Swapnil Singh

Personal information
- Full name: Swapnil Kamlesh Singh
- Born: 22 January 1991 (age 35) Raebareli, Uttar Pradesh, India
- Batting: Right-handed
- Bowling: Slow left-arm orthodox
- Role: Bowler

Domestic team information
- 2005/06–2019/20: Baroda
- 2016–2017: Kings XI Punjab
- 2021/22–2024/25: Uttarakhand
- 2023: Lucknow Super Giants
- 2024- Present: Royal Challengers Bengaluru
- 2025/26: Tripura

Career statistics
| Competition | FC | LA | T20 |
| Matches | 83 | 68 | 90 |
| Runs scored | 2,981 | 1,188 | 988 |
| Batting average | 25.47 | 23.76 | 22.45 |
| 100s/50s | 2/16 | 0/6 | 0/2 |
| Top score | 164 | 82 | 52 |
| Balls bowled | 12,555 | 2,935 | 1,546 |
| Wickets | 212 | 71 | 73 |
| Bowling average | 29.29 | 30.54 | 25.86 |
| 5 wickets in innings | 13 | 1 | 1 |
| 10 wickets in match | 0 | 0 | 0 |
| Best bowling | 7/66 | 5/25 | 6/19 |
| Catches/stumpings | 53/– | 23/– | 32/– |
- Source: CricketArchive, 28 October 2025

= Swapnil Singh =

Indian cricketer (born 1991)

Swapnil Kamlesh Singh (born 22 January 1991) is an Indian cricketer who plays for Tripura and Royal Challengers Bengaluru. He is a bowler who bats right-handed and bowls slow left-arm orthodox.
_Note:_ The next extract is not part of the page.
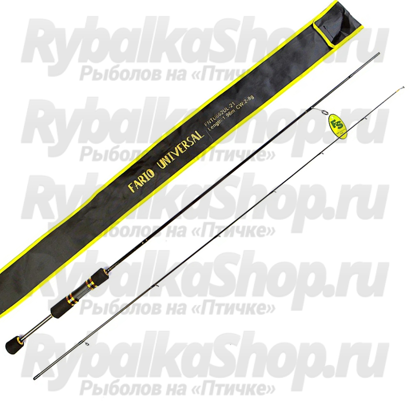Удилище спиннинговое Fish Season Fario Universal. Несмотря на то, что целевое назначение Fario – это форелевая рыбалка, они прекрасно ловят и окуня, и голавля, и мирную белую рыбу. Спиннинги Удилище спиннинговое Fish Season Fario Universal имеют среднебыстрый строй, благодаря которому анимация приманки осуществляется с ювелирной точностью. Практика показывает, что совершить качественную проводку подобных оснасток «быстрыми» удилищами невозможно. Также следует отметить, что параболический типаж Fario делает изысканные «инструменты» весьма дальнобойными в рамках своего класса. Они способны отправить легкую приманку не только далеко, но и строго в намеченное место. Они хорошо «вяжут» рыбу при её вываживании, что уменьшает вероятность травмирования и схода рыбы. Все параметры, включая длину рукоятки, предполагают активную проводку кистью. Переживать за то, что рука со временем устанет, не стоит — вес спиннингов невероятно мал. Этими удилищами можно ловить на закрытых водоемах без течения и средних реках на джиг, колебалки, разнесённые оснастки, воблеры.
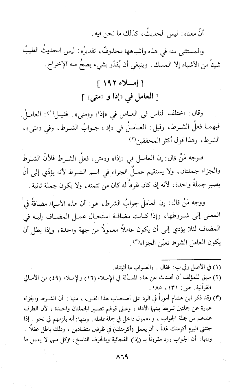 (¬3) وقد ذكر ابن هشام أمورا في الرد على أصحاب هذا القول، منها: أن الشرط والجزاء عبارة عن جملتين تربط بينهما الأداة، وعلى قولهم تصير الجملتان واحدة، لأن الظرف عندهم من جملة الجواب، والمعمول داخل في جملة عامله. ومنها: أنه يلزمهم في نحو: إذا جئتني اليوم أكرمتك غدا، أن يعمل (أكرمتك) في ظرفين متضادين، وذلك باطل عقلا. ومنها: أن الجواب ورد مقرونا بـ (إذا) الفجائية وبالحرف الناسخ، وكل منهما لا يعمل ما بعده فيما قبله، نحو: إذا جئتني اليوم فإني أكرمك. انظر مغني اللبيب 1/ 101 (دمشق).

He made his first-class debut for Baroda in 2006 at the age of 14 and was a member of the Mumbai Indians squad in 2008. In a match of the 2014–15 Syed Mushtaq Ali Trophy against Saurashtra, he took six wickets for 19 runs from four overs.

He was the leading run-scorer for Baroda in the 2017–18 Ranji Trophy, with 565 runs in six matches. In July 2018, he was named in the squad for India Blue for the 2018–19 Duleep Trophy. He was bought for INR 10 lakhs by Kings XI Punjab at the 2016 IPL auction and made his Indian Premier League debut during the season. He played for Lucknow Super Giants in 2023 and for Royal Challengers Bengaluru in 2024.